[Source data]

|---|

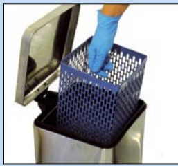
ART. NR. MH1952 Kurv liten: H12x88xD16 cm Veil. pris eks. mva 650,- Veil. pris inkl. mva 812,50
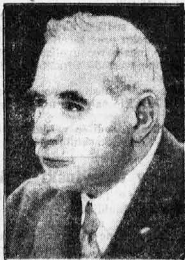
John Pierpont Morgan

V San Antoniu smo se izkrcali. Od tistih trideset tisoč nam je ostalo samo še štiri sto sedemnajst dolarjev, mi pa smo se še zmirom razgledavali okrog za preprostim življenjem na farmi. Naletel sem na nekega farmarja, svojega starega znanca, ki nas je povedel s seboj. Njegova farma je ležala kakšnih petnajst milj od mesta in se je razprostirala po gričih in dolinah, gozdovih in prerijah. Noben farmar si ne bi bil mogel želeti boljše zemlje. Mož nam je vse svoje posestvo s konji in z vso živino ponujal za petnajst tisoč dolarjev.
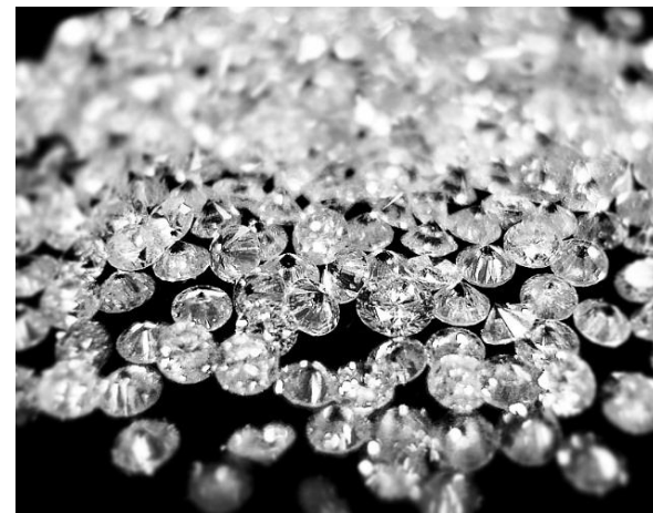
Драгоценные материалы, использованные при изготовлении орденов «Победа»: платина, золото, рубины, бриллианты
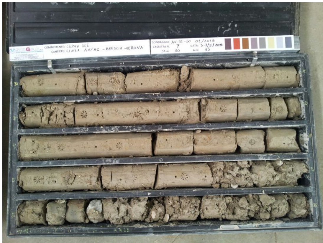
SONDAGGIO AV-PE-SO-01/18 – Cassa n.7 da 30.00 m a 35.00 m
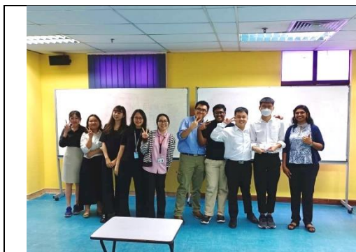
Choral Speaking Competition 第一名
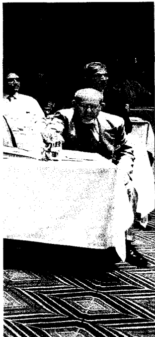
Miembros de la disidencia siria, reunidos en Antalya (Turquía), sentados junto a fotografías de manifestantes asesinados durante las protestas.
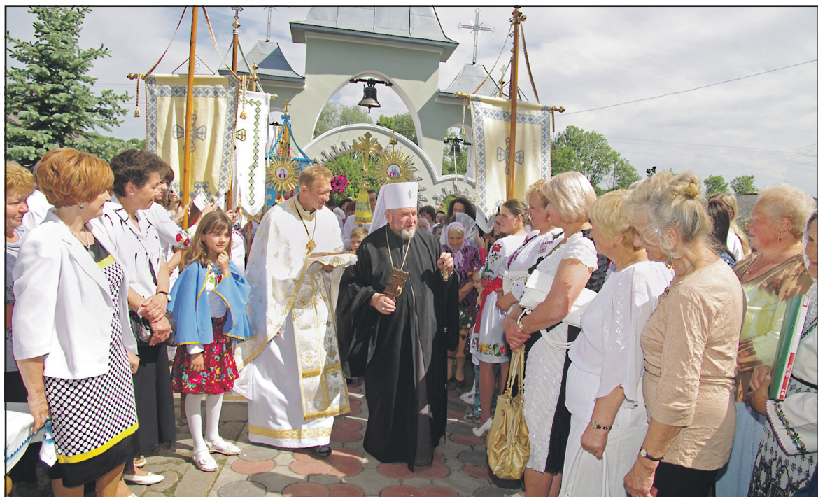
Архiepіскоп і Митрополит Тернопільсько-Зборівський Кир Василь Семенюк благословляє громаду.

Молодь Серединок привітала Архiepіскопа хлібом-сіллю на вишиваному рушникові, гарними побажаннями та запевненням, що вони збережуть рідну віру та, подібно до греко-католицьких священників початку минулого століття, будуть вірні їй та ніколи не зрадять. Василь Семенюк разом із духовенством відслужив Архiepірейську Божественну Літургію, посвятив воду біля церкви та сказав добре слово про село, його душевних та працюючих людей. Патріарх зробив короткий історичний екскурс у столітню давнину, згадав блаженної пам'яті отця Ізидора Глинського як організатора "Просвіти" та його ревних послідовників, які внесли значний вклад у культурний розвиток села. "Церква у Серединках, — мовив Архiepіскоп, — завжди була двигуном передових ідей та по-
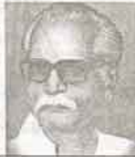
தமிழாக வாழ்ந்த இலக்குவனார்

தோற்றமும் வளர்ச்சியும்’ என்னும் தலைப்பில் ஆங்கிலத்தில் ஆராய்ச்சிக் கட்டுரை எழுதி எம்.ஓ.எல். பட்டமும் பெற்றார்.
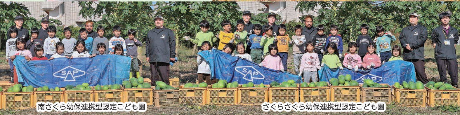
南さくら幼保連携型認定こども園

|---|

Exactly as written, return each line above and leave the pictures behind.

OUTPUT FOR THIS TASK -
ART. NR. MH1952 Kurv liten: H12x88xD16 cm Veil. pris eks. mva 650,- Veil. pris inkl. mva 812,50
John Pierpont Morgan

V San Antoniu smo se izkrcali. Od tistih trideset tisoč nam je ostalo samo še štiri sto sedemnajst dolarjev, mi pa smo se še zmirom razgledavali okrog za preprostim življenjem na farmi. Naletel sem na nekega farmarja, svojega starega znanca, ki nas je povedel s seboj. Njegova farma je ležala kakšnih petnajst milj od mesta in se je razprostirala po gričih in dolinah, gozdovih in prerijah. Noben farmar si ne bi bil mogel želeti boljše zemlje. Mož nam je vse svoje posestvo s konji in z vso živino ponujal za petnajst tisoč dolarjev.
Драгоценные материалы, использованные при изготовлении орденов «Победа»: платина, золото, рубины, бриллианты
SONDAGGIO AV-PE-SO-01/18 – Cassa n.7 da 30.00 m a 35.00 m
Choral Speaking Competition 第一名
Miembros de la disidencia siria, reunidos en Antalya (Turquía), sentados junto a fotografías de manifestantes asesinados durante las protestas.
Архiepіскоп і Митрополит Тернопільсько-Зборівський Кир Василь Семенюк благословляє громаду.

Молодь Серединок привітала Архiepіскопа хлібом-сіллю на вишиваному рушникові, гарними побажаннями та запевненням, що вони збережуть рідну віру та, подібно до греко-католицьких священників початку минулого століття, будуть вірні їй та ніколи не зрадять. Василь Семенюк разом із духовенством відслужив Архiepірейську Божественну Літургію, посвятив воду біля церкви та сказав добре слово про село, його душевних та працюючих людей. Патріарх зробив короткий історичний екскурс у столітню давнину, згадав блаженної пам'яті отця Ізидора Глинського як організатора "Просвіти" та його ревних послідовників, які внесли значний вклад у культурний розвиток села. "Церква у Серединках, — мовив Архiepіскоп, — завжди була двигуном передових ідей та по-
தமிழாக வாழ்ந்த இலக்குவனார்

தோற்றமும் வளர்ச்சியும்’ என்னும் தலைப்பில் ஆங்கிலத்தில் ஆராய்ச்சிக் கட்டுரை எழுதி எம்.ஓ.எல். பட்டமும் பெற்றார்.
南さくら幼保連携型認定こども園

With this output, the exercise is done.